[Task to complete] An exact copy of the data is needed, one that excludes all pictures.

The data: Begin

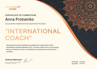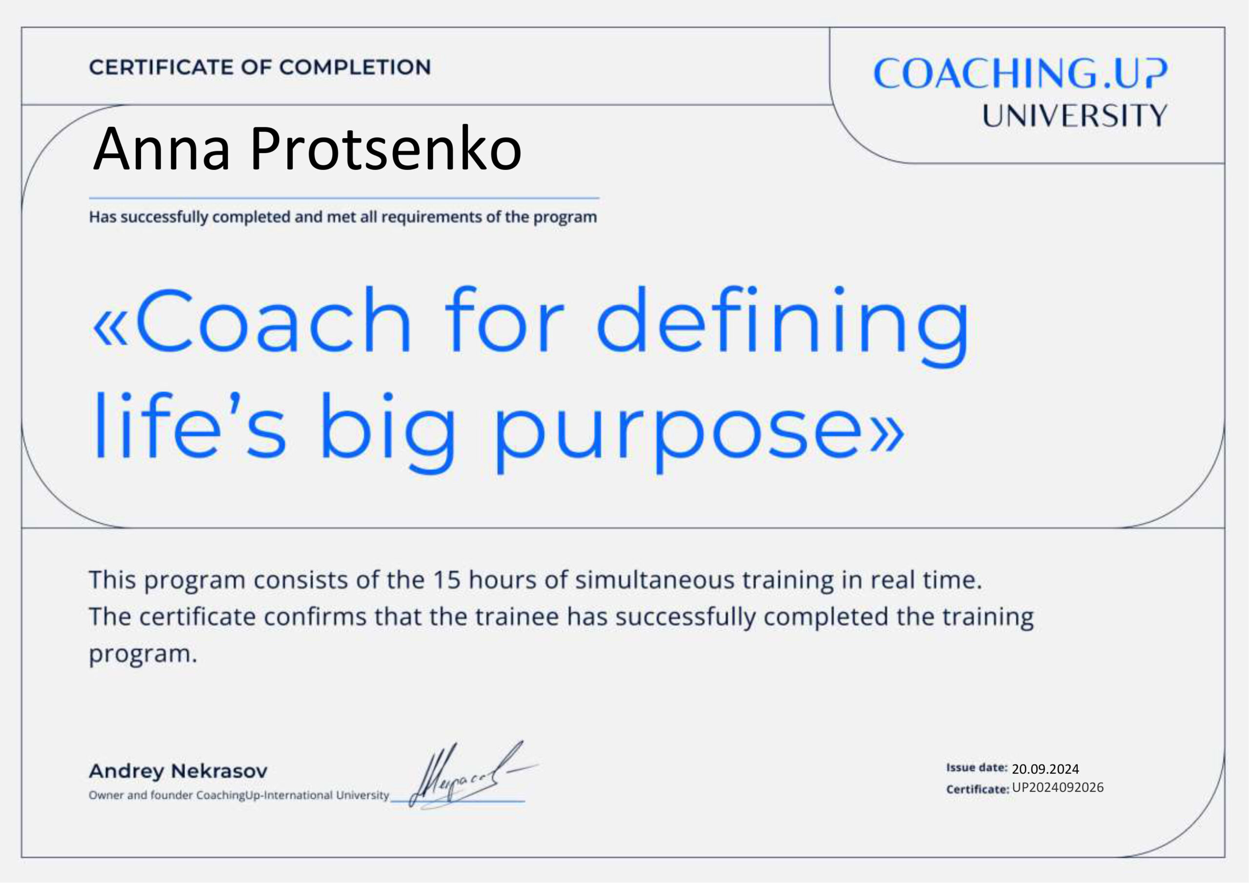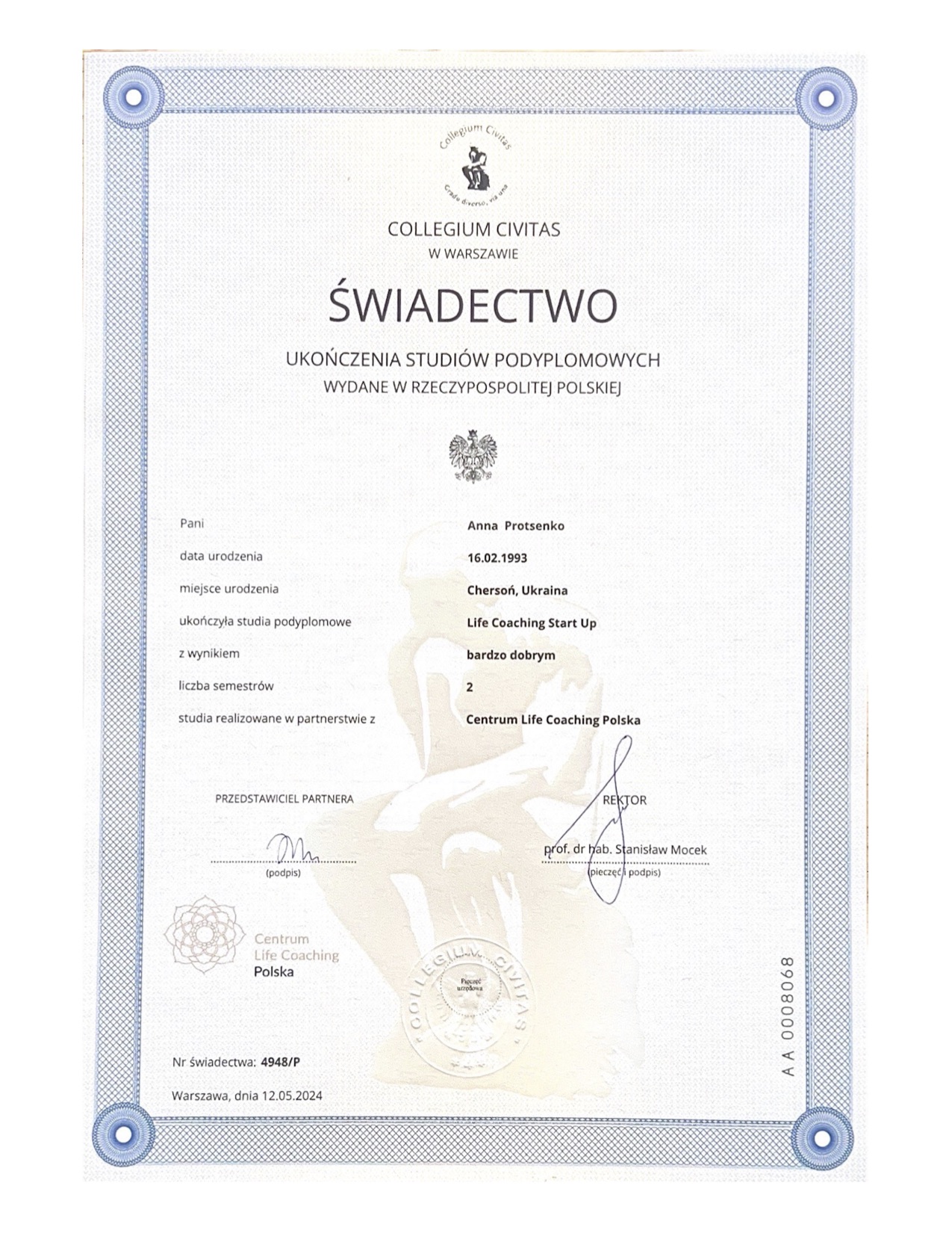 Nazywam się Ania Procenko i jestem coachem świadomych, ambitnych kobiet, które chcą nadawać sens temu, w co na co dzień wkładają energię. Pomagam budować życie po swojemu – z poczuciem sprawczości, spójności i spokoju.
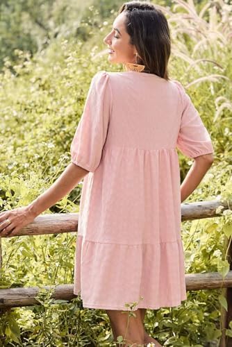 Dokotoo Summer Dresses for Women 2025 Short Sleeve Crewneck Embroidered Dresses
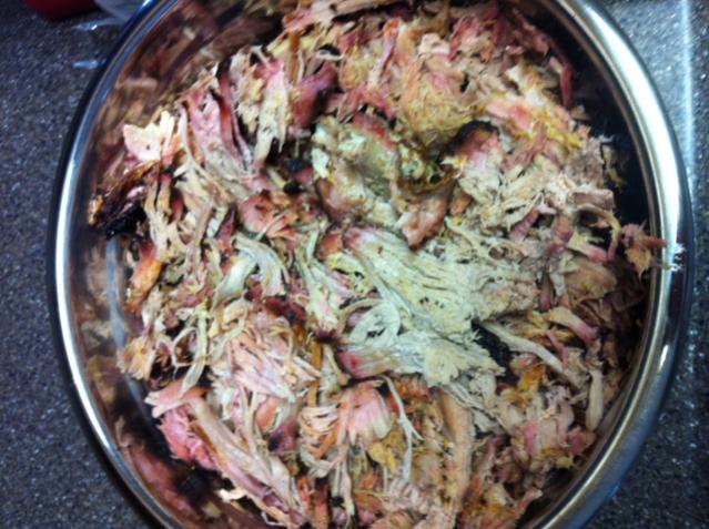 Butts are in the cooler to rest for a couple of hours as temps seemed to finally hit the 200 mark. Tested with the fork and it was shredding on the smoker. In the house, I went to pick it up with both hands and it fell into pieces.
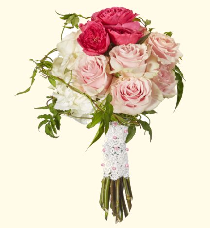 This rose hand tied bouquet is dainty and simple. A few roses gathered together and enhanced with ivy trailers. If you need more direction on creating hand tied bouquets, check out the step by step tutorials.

The data: End

[Your response]
 Nazywam się Ania Procenko i jestem coachem świadomych, ambitnych kobiet, które chcą nadawać sens temu, w co na co dzień wkładają energię. Pomagam budować życie po swojemu – z poczuciem sprawczości, spójności i spokoju.
 Dokotoo Summer Dresses for Women 2025 Short Sleeve Crewneck Embroidered Dresses
 Butts are in the cooler to rest for a couple of hours as temps seemed to finally hit the 200 mark. Tested with the fork and it was shredding on the smoker. In the house, I went to pick it up with both hands and it fell into pieces.
 This rose hand tied bouquet is dainty and simple. A few roses gathered together and enhanced with ivy trailers. If you need more direction on creating hand tied bouquets, check out the step by step tutorials.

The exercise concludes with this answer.